Gyula (Julius) Moravcsik (Budapest, 29 January 1892 – Budapest, 10 December 1972), who usually wrote just as Gy. Moravcsik, was a Hungarian professor of Greek philology and Byzantine history who in 1967 was awarded the Pour le Mérite for Sciences and Arts.

==Scholarship==
Moravcsik explored in depth the relationship between Byzantium and the Turkic peoples, broadly defined and so including Hungarians, and this was reflected in the two volumes of Byzantinoturcica and the 1953 Bizánc és a Magyarság (Byzantium and the Magyars).

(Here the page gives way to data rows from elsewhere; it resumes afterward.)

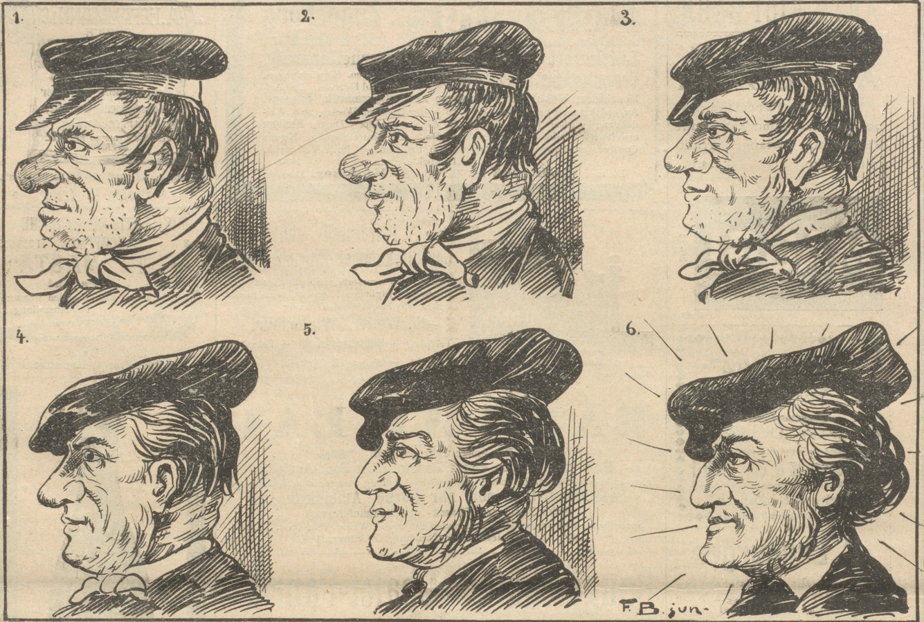
Herrn Bumpfernis äußerliche Wandlungen, nachdem er den abgeschlossenen Wagnercyclus „absolviert“.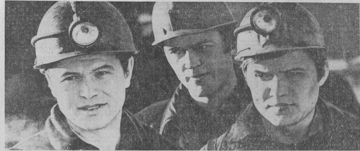
г. Междуреченск, шахта «Распадская».

Строителям, монтажникам, эксплуатационникам, проектировщикам, всем участникам строительства третьей очереди шахты «Распадская».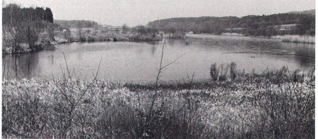
Der Flachsee – ein Rückzugsgebiet für gefährdete Brutvögel Le «Flachsee», refuge d'oiseaux menacés.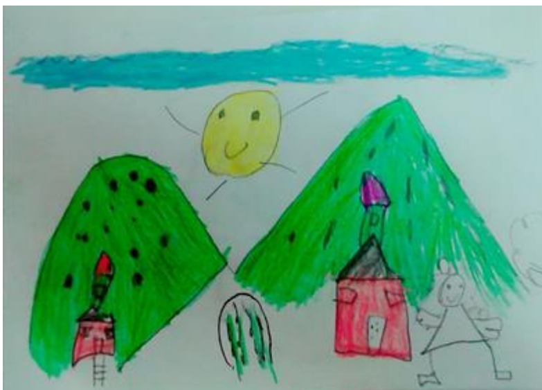
Ilustración 10 Noción de naturaleza Eileen Tirado, 6 años, quien representa por medio de un dibujo “ Es una casa en la belleza que es donde vivo, la otra casa es en Granada- Tolima que es donde vive mi abuelita y allí vivia con mis papas, mi hermano y mi primo Michel

Lo encontrado se evidencio a través de los siguientes dibujos.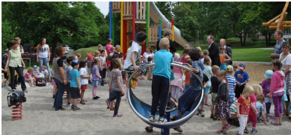
Spielplatzzeröffnung in Buch am 13.6.2013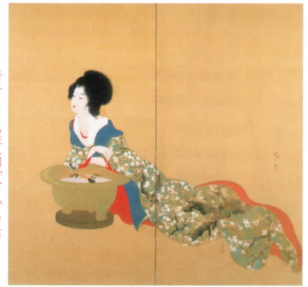
清方自己評価「会心の作」

小説や芝居からもインスピレーションを得た清方。泉鏡花『通夜物語』の主人公、丁山を妖艶に描いた物語絵の名品。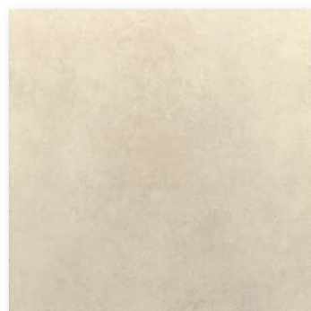
NYK-60-1(600×600) [ グリップ ] NY-60-1M(600×600) [ マット ] NYK-36-1(300×600) [ グリップ ] NY-36-1M(300×600) [ マット ]

With R.J.H. Jenkins, he produced the critical and translated edition of Constantine VII Porphyrogenitus' De Administrando Imperio. That work was first published in Budapest, 1949, and later at Dumbarton Oaks. Moravcsik also contributed to the later Commentary, also in the Dumbarton Oaks series.

==Family==
His elder son Michael Moravcsik (1928–1989), became professor of physics at University of Oregon. His younger son, Julius Moravcsik (1931–2009), became a professor of philosophy at Stanford University. His daughter, Edith A. Moravcsik, became a professor of linguistics at the University of Wisconsin-Milwaukee. His grandson, Andrew Moravcsik, became Professor of Politics and International Affairs at Princeton University.

==Selected publications==
- Byzantinoturcica I and II, Budapest 1942 & 1943. Second edition, Berlin 1958.
- Bizánc és a Magyarság. 1953.
- Studia Byzantina. 1967.
- Moravcsik, Gyula (1967). "Constantine Porphyrogenitus: De Administrando Imperio"
- Moravcsik, Gyula (1970). "Byzantium and the Magyars"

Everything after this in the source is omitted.